In ultimo, è noto che l’alcol può avere effetti anche sulla struttura atriale. Nei pazienti sottoposti a isolamento delle vene polmonari come trattamento di una fibrillazione atriale parossistica, un consumo giornaliero di alcol è risultato un predittore indipendente di fibrosi atriale, con una probabilità di bassi voltaggi regionali del 10% superiore per ogni drink consumato (19). L’alcol, infine, può compromettere l’accoppiamento eccitazione-contrazione del muscolo cardiaco, inibire il rilascio di calcio dal reticolo sarcoplasmatico e causare stress ossidativo, danno proteico e perossidazione lipica (20).

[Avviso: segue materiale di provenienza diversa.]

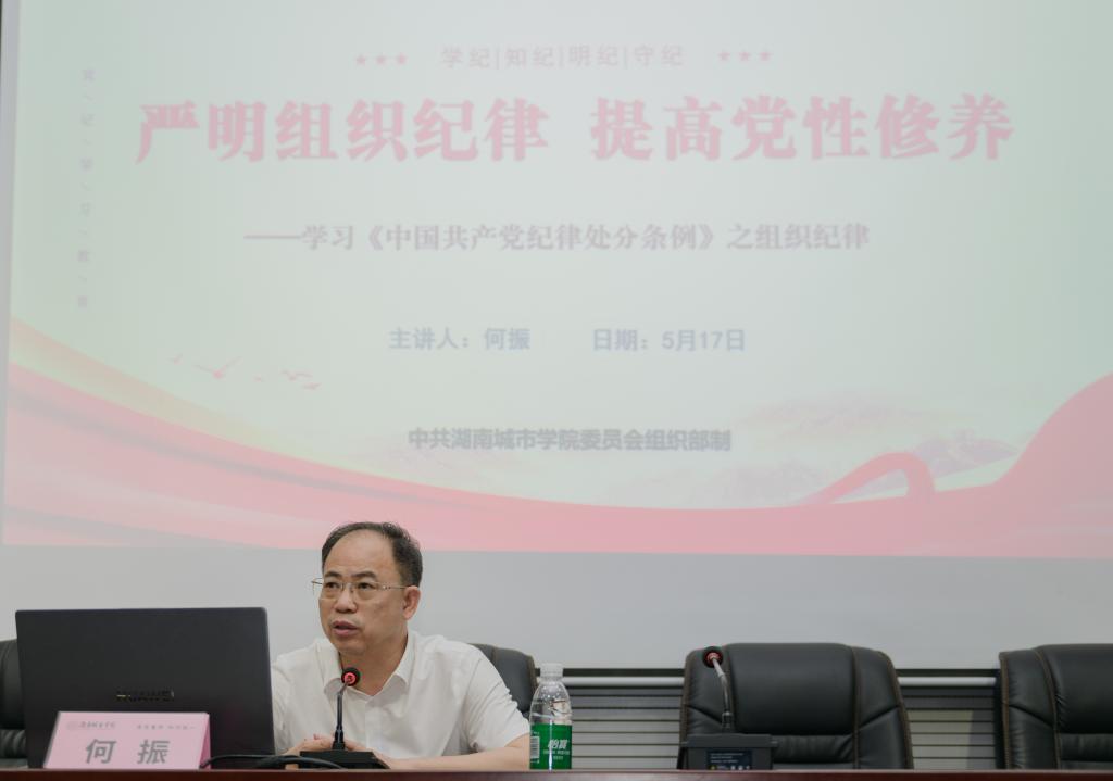 为深入学习贯彻《中国共产党纪律处分条例》,落实党中央、湖南省委关于党纪学习教育的工作部署和要求,5月17日上午学校党委副书记、校长何振同志在美艺楼107会议室为我院师生党员上了一堂“严明组织纪律 提高党性修养”的专题党课。

Astinenza da alcol e rischio di fibrillazione atriale

Alla luce di questi dati è naturale chiedersi se l’astinenza alcol possa avere un effetto protettivo nei confronti di questa aritmia. L’ipotesi è stata presa in esame da uno trial randomizzato pubblicato lo scorso anno sul New England Journal of Medicine. Nello specifico sono stati reclutati 140 pazienti con un consumo medio di 10 o più drink a settimana e una diagnosi di fibrillazione atriale parossistica o persistente, i quali sono stati divisi in due gruppi: uno in cui veniva chiesto di astenersi dall’alcol e l’altro in cui veniva detto ai soggetti di continuare il loro consumo abituale. Dai risultati a sei mesi è emerso che i soggetti che si erano astenuti dal bere alcoli erano andati incontro a un tasso di recidive della fibrillazione atriale significativamente minore (21).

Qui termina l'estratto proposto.